Then an event occurred that woke me the fuck up! Immediately! I didn’t hurt or attack anyone,… except for verbally. I didn’t threaten anyone,… except for myself. But I was removed from my house. I spent four days away from my wife and my home by going down to my mother’s house in Bradenton. The alternative, she explained to me in a language that I easily understood, was being committed to a hospital for observation. I had completely lost my mind.

I, indeed, had gone temporarily crazy.

Next time,… Something Light Before I continue.

Thursday, July 15, 2010

It Gets Worse Before It Gets Better

And you’ll be all alone.

That was my thought as I walked out of the psychiatrist’s office. I stepped out into the parking lot with two prescriptions and no optimism about the future. I’ve never been good with optimism, anyway. You see the glass as half full, and I wonder why you pulled out such a big fucking glass in the first place. The doctor—I was still wondering if I should really call him that,… I mean he may be able to prescribe medication, but I wouldn’t go see this guy for a bloody nose—explained to me that I should do some thoroughgoing price shopping for the mood-stabilizer,… it could be tremendously expensive in some traditional pharmacies. He mentioned one potentially good supplier (read: legal drug dealer): one of the national warehouse chains where you can buy two-gallon jars of mayonnaise and a six-month supply of mouthwash if you had a membership. “Call around,” he said, “you’ll be glad you did. And don’t forget to include the one place I told you about. You don’t need a membership to use their pharmacy.”

So, I moped to my car in the mid-May stagnation. It had been a particularly long and cold winter. Up until late March, the daytime high had been ten degrees lower than the average overnight low—it was a miserable season. Now,… with the temperature pushing ninety, and the air so thick you needed a towel after walking a few paces, I pined for the days so cold your sack needed a sweater of its own. (Welcome to Florida,… it’s not the heat, it’s the stupidity.) I got home by sheer muscle memory. I don’t remember paying attention to the road—I do remember stopping to get another cup of coffee at the 7-11. Blueberry coffee. Now, normally I would tell you that fruit is the devil. But one day, after buying what I believed to be a French Vanilla flavored coffee and driving to work, I discovered,… in the middle of a seven-mile bridge,… that the moron who prepared the coffee at the store had put blueberry-fucking-coffee in the French-fucking-vanilla pot. I was furious. I don’t like fruit. I certainly don’t like fruit-flavored coffee. But I needed coffee and I was in the middle of a seven-mile bridge,… in a traffic jam,… and I was late for work already. So I drank the stupid blueberry coffee,… by the time I reached my office, I had a new favorite coffee. Okay,… so I’m pliable, kiss my ass.

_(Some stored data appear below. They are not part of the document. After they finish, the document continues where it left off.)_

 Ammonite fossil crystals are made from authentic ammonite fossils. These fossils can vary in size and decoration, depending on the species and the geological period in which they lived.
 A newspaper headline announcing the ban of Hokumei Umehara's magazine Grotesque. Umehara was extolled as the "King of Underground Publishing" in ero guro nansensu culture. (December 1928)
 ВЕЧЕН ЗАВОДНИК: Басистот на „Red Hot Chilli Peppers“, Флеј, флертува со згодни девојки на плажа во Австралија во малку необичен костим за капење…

I finally got back to the house. I still struggled with the diagnosis the psychiatrist had arrived at. Bipolar—one who had two distinct and diametrically opposed poles. “This guy can kiss both of my poles,” I said out loud,… for nobody but the dogs to hear. They didn’t know who I was talking about, fuck ‘em. I cried for a little bit,… maybe fifteen minutes (that was a walk in the park for me around that time), and then I checked my email and my facebook page. And then I cried a little more. I called my wife at work to tell her how my appointment went. She told me that she had considered the exact diagnosis to which the psychiatrist had arrived already,… several times. She reminded me that she had told me once that she thought I was, indeed, bipolar. She then reminded me that I had told her to fuck off immediately thereafter. “So,… what you’re saying is, ‘I told you so?’ You’re basking in the limelight of your prescient prognostication of my misery? Is that right?” So then,… she told me to fuck off.

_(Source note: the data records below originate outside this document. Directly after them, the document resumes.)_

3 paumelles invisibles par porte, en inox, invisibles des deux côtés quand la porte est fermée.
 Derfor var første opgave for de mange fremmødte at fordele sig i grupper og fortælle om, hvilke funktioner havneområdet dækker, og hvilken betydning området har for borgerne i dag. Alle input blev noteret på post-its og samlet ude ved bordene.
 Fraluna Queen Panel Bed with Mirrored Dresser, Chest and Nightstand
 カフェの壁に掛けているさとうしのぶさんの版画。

I called around to the pharmacies as I had been instructed. (What an obedient puppy I could be.) The big drug store chain headquartered in Illinois quoted me a price in the mid $140 range. The big drug store chain headquartered in Rhode Island quoted me a price in the high $130s. The local Grocery store told me it would be around $130, and the giant superstore where all the locals with less-than-full-mouths of teeth shopped had a price of nearly $120. Finally I called the warehouse club that the Crazy Doctor told me about. I called the number I got from the website and pressed zero for the operator. She asked me to hold on for a moment while she prepared to look up the price for me…. And she hung up on me. I’m sure it was a mistake with the phone system or something,… but that just made me cry for a while. After fifteen minutes or so of bawling, I gathered up the nerve (with the help of a Xanax) to redial the phone. The same woman answered the phone and apologized profusely. She asked what the prescription was for, the exact dose and the quantity. After I told her, she asked me to hang on again. She didn’t hang up on me this time and instead got back on the line and told me what the cost of the medication would be: fourteen dollars and sixty-five cents. What a ridiculous discrepancy! I asked her why everybody else wanted so much for the same exact thing and her store asked so little for it. Her response was very enlightening,… “I have no idea.”

The warehouse club was a half-hour drive away. But to save over a hundred bucks, I’d push my grandmother out of an airplane or give a handjob to a moose or something else just as undesirable. I asked the woman on the other end of the line if she could fill the prescription while I was on my way up there so I wouldn’t have to wait. She explained that she couldn’t: they needed to verify the prescription on paper. I asked her long it would take to fill after I brought it in, and she informed that normally it would be about an hour, but they were short-staffed that day, so around ninety minutes. Super. Fan-fucking-tastic.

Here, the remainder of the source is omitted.